The comparisons cited above strongly suggest that genetic differentiation among the major lineages of the nominal harpacticoid C. deitersi would be reconcilable with intraspecific polymorphism only in the presence of (1) extraordinarily high rates of molecular evolution in both mitochondrial and nuclear genomes, (2) strong balancing selection, or (3) historical vicariant events that would maintain the polymorphisms. We argue that additional evidence contradicts these alternative interpretations.

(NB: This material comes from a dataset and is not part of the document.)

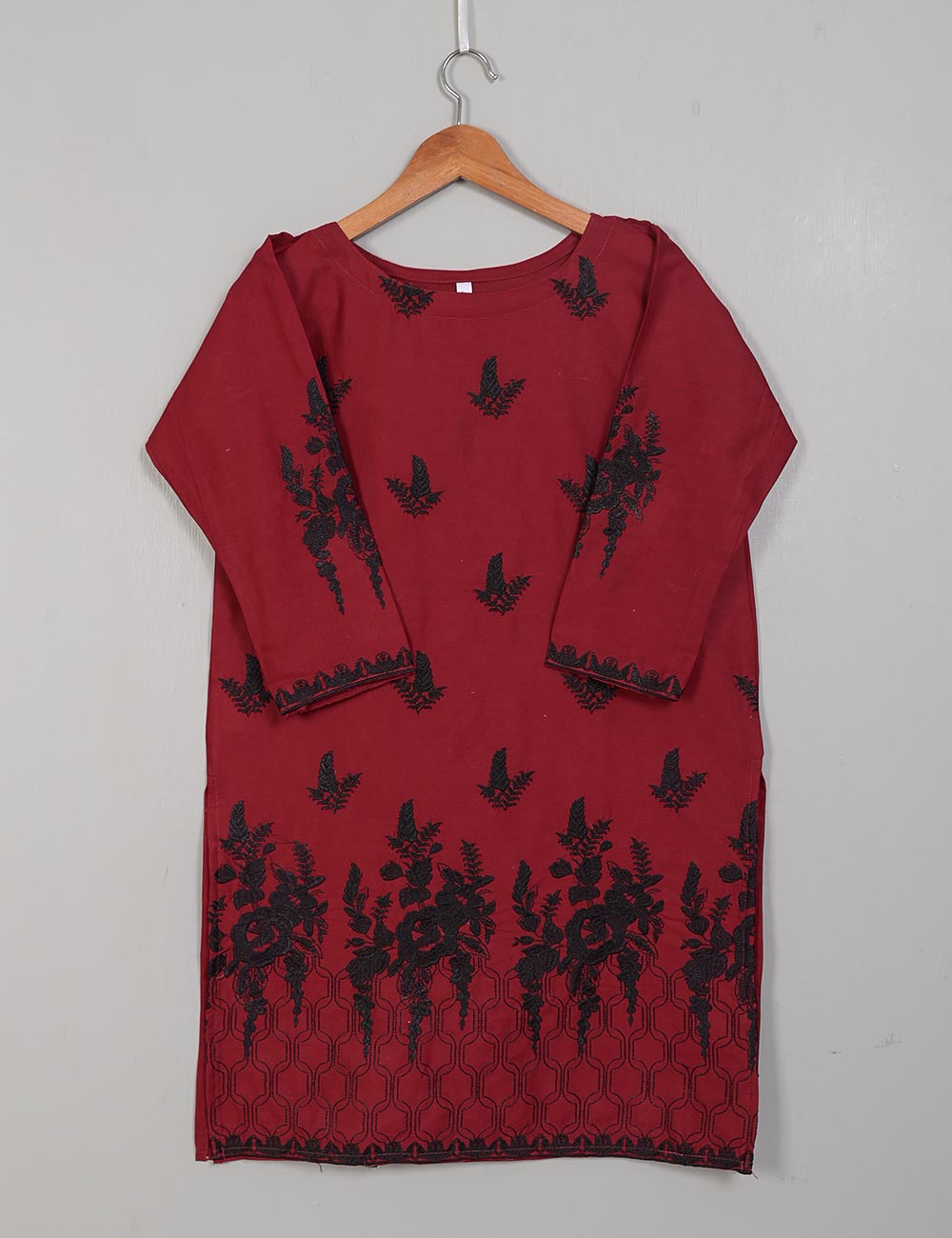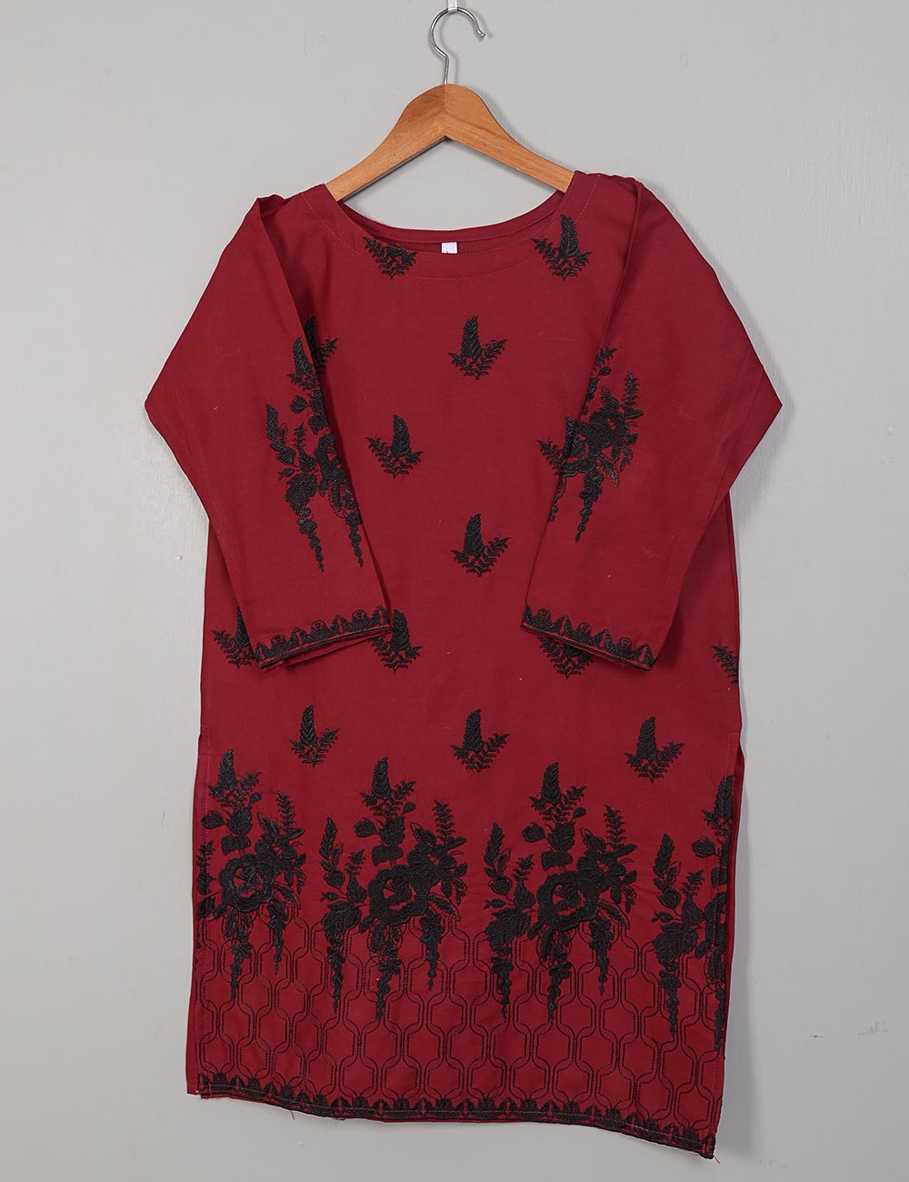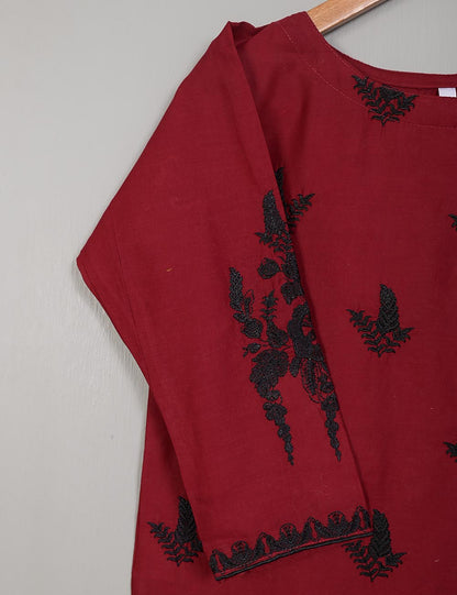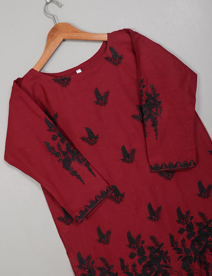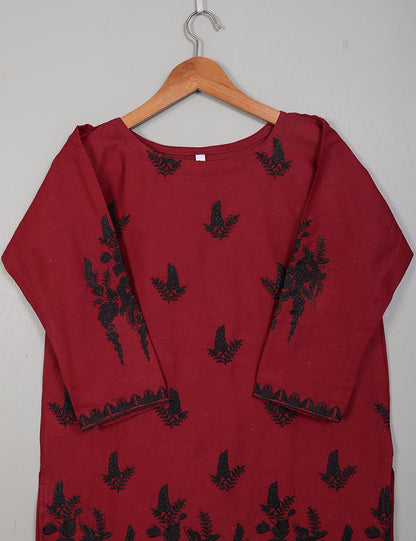 TS-214A-Maroon - Cotton Embroidered Stitched Kurti

First, there appears to be a strong correspondence between morphology (third-leg setation) and molecular lineage (nuclear and mitochondrial) in 70 nominal C. deitersi COX-I's examined from Louisiana and Alabama. All copepods with one inner seta on the third-leg exopod were from Louisiana and all were of type II, whereas those with two inner setae, all from Alabama, were of type I. Our molecular studies show that both type I and type II lineages are sympatric in Louisiana and Alabama, with both locations exhibiting one dominant and one rare lineage. Even though leg setation could be environmentally determined (e.g., by salinity, which is much higher at the brine stream), Fleeger (1980)Citation found that both morphotypes (one or two inner setae on the third-leg exopod) co-occur in Louisiana salt marshes. This suggests that leg setation is not a morphologically plastic nongenetic response or an adaptive character under strong habitat-specific selection that has evolved rapidly relative to the timing of cladogenetic events. This trait thus provides more evidence of concordant patterns of molecular and morphological variation, consistent with the interpretation that types I and II constitute separate species on multiple criteria. Concordance of molecular and morphological variation would not be expected if the deep phylogenetic nodes separating the major types were an artifact of high mutation rates in the gene regions examined.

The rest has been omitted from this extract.